## Initialization

A well chosen initialization can:

1. Speed up the convergence of gradient descent
2. Increase the odds of gradient descent converging to a lower training (and generalization) error

### He initialization

for l in range(1, L + 1):

parameters['W' + str(l)] = np.multiply(np.random.randn(layers_dims[l], layers_dims[l-1]), np.sqrt(2./layers_dims[l-1]))
parameters['b' + str(l)] = np.zeros((layers_dims[l], 1))

return parameters


Results：

### Conclusions

• Different initializations lead to different results
• Random initialization is used to break symmetry and make sure different hidden units can learn different things
• Don’t intialize to values that are too large
• He initialization works well for networks with ReLU activations.

## Regularization

### L2 Regularization

L2-regularization relies on the assumption that a model with small weights is simpler than a model with large weights.

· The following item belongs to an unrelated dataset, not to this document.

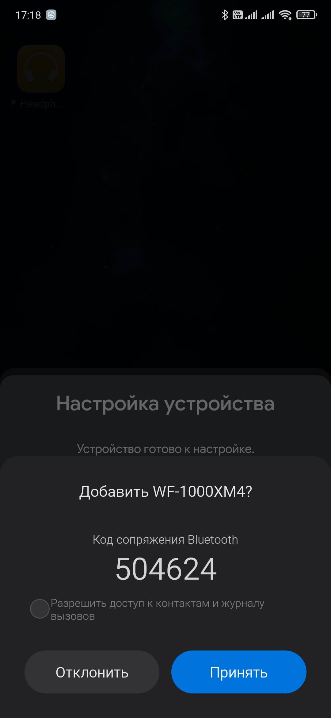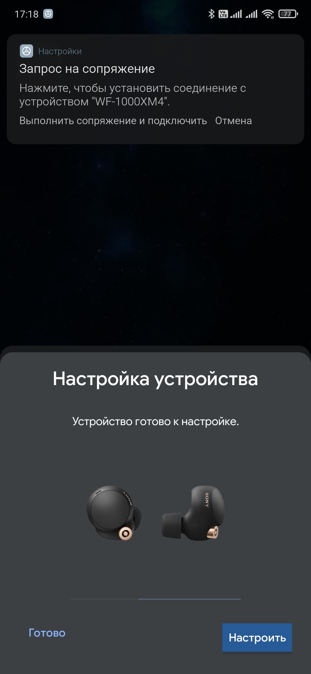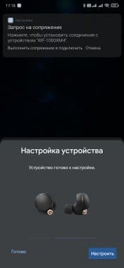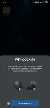 Sony WF-1000XM4 поддерживает Google Fast Pair для сопряжения с Android-устройствами, а также Microsoft Swift Pair для соединения с гаджетами, работающими на Windows 10. Все происходит быстро и легко: достаем наушники, если мы сделали это в первый раз — они сразу активируют режим сопряжения. Принудительно процесс можно запустить одновременным длительным касанием обеих сенсорных зон. Практически сразу появляется уведомление о возможности подключения гарнитуры и привязки ее к аккаунту — соглашаемся, потом еще пару раз соглашаемся. Меньше минуты — и готово.

Thus, by penalizing the square values of the weights in the cost function you drive all the weights to smaller values. It becomes too costly for the cost to have large weights! This leads to a smoother model in which the output changes more slowly as the input changes.

#### The implications of L2-regularization on:

1. The cost computation: A regularization term is added to the cost
2. The backpropagation function: There are extra terms in the gradients with respect to weight matrices
3. Weights end up smaller (“weight decay”): Weights are pushed to smaller values.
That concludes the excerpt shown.